Category Archives: summary

How to illustrate a 2×2 mixed ERP design

Let’s consider a simple mixed ERP design with 2 repeated measures (2 tasks) and 2 independent groups of participants (young and older participants). The Matlab code and the data are available on github. The data are time-courses of mutual information, with one vector time-course per participant and task. These results are preliminary and have not been published yet, but you can get an idea of how we use mutual information in the lab in recent publications (Ince et al. 2016a, 2016b; Rousselet et al. 2014). The code and illustrations presented in the rest of the post are not specific to mutual information.

Our 2 x 2 experimental design could be analysed using the LIMO EEG toolbox for instance, by computing a 2 x 2 ANOVA at every time point, and correcting for multiple comparisons using cluster based bootstrap statistics (Pernet et al. 2011, 2015). LIMO EEG has been used to investigate task effects for instance (Rousselet et al. 2011). But here, instead of ANOVAs, I’d like to focus on graphical representations and non-parametric assessment of our simple group design, to focus on effect sizes and to demonstrate how a few figures can tell a rich data-driven story.

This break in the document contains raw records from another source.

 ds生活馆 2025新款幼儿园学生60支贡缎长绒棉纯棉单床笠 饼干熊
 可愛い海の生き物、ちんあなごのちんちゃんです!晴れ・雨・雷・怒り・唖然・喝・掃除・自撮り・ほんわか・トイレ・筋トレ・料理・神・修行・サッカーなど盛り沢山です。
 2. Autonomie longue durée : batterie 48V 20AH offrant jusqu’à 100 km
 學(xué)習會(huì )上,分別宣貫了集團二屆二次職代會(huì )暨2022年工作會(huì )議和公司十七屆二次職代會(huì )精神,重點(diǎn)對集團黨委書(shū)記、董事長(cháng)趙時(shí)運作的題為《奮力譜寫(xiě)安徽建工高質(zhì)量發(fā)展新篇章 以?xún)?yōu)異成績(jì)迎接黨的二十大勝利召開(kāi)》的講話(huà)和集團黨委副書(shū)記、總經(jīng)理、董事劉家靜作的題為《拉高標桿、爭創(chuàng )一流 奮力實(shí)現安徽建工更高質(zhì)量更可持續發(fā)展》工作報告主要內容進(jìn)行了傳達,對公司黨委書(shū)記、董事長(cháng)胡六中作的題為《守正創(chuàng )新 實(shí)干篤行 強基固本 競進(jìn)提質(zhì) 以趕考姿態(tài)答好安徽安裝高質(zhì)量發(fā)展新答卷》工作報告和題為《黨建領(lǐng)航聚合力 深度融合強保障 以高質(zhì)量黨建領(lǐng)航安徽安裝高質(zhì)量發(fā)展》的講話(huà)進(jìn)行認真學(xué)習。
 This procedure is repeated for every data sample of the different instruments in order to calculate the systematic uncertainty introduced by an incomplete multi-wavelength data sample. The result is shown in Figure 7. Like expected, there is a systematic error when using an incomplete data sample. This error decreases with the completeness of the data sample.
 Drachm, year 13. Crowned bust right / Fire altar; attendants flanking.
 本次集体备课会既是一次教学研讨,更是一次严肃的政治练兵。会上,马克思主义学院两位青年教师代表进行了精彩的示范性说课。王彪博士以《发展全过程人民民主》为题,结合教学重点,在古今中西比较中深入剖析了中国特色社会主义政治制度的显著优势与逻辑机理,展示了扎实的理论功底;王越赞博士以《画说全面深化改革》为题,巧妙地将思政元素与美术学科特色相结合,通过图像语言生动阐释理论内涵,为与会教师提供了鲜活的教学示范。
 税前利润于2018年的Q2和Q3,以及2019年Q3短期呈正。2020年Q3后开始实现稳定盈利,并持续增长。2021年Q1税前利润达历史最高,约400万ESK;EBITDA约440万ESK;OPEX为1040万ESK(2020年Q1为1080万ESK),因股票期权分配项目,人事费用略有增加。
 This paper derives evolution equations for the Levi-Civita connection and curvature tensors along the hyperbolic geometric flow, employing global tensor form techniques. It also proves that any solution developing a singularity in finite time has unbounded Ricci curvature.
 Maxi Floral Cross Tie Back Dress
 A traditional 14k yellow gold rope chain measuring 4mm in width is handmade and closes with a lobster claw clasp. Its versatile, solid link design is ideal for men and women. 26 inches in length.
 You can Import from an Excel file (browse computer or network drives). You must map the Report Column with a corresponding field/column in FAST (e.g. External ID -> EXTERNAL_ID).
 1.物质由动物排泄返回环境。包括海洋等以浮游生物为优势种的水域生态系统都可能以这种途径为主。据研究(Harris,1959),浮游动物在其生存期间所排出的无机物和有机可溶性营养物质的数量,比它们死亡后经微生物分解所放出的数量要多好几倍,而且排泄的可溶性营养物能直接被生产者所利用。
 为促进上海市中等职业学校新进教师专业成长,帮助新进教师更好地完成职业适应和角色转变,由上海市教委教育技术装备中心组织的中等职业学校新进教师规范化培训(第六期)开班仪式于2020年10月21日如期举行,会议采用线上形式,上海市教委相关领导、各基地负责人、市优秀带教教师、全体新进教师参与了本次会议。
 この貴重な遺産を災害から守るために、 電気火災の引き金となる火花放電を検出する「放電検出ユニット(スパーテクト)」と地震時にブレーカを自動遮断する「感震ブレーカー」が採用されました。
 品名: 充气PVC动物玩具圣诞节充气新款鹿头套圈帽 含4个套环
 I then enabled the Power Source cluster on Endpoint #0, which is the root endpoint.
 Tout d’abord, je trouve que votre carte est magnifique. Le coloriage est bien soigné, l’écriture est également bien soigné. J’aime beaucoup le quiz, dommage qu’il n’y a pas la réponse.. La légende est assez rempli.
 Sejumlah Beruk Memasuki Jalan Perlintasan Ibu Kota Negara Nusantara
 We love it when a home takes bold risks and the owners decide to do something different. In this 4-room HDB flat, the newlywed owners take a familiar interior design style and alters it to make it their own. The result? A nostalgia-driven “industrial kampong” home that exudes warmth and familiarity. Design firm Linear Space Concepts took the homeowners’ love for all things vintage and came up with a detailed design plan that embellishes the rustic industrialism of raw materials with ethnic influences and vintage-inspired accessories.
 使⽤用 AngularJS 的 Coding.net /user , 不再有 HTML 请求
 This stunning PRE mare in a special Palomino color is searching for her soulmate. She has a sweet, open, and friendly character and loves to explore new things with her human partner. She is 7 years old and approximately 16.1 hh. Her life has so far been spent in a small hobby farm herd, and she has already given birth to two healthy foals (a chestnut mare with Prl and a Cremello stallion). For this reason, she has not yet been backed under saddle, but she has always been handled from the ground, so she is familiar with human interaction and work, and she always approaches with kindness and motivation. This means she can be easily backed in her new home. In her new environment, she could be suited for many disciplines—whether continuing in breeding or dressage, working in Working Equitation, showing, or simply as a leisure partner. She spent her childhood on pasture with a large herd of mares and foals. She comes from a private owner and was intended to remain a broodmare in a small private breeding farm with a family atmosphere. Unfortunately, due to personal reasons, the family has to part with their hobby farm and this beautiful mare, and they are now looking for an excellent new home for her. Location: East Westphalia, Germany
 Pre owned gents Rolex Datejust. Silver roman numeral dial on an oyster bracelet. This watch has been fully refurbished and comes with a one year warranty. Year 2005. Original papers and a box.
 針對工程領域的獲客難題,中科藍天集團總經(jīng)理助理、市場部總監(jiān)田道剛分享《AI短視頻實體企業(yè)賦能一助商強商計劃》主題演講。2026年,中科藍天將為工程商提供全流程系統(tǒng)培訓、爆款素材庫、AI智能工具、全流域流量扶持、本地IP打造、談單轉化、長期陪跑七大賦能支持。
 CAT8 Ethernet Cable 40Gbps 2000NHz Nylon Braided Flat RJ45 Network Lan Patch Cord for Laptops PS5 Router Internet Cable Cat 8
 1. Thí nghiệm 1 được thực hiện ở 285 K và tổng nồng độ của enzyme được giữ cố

First, we illustrate the 4 cells of our design. Figure 1 shows separately each group and each task: in each cell all participants are superimposed using thin coloured lines. We can immediately see large differences among participants and between groups, with overall smaller effects (mutual information) in older participants. There also seems to be task differences, in particular in young participants, which tend to present more sustained effects past 200 ms in the expressive task than the gender task.


Figure 1

To complement the individual traces, we can add measures of central tendency. The mean is shown with a thick green line, the median with a thick black line. See how the mean can be biased compared to the median in the presence of extreme values. The median was calculated using the Harrell-Davis estimator of the 50th quantile. To illustrate the group median with a measure of uncertainty, we can add a 95% percentile bootstrap confidence interval for instance (Figure 2).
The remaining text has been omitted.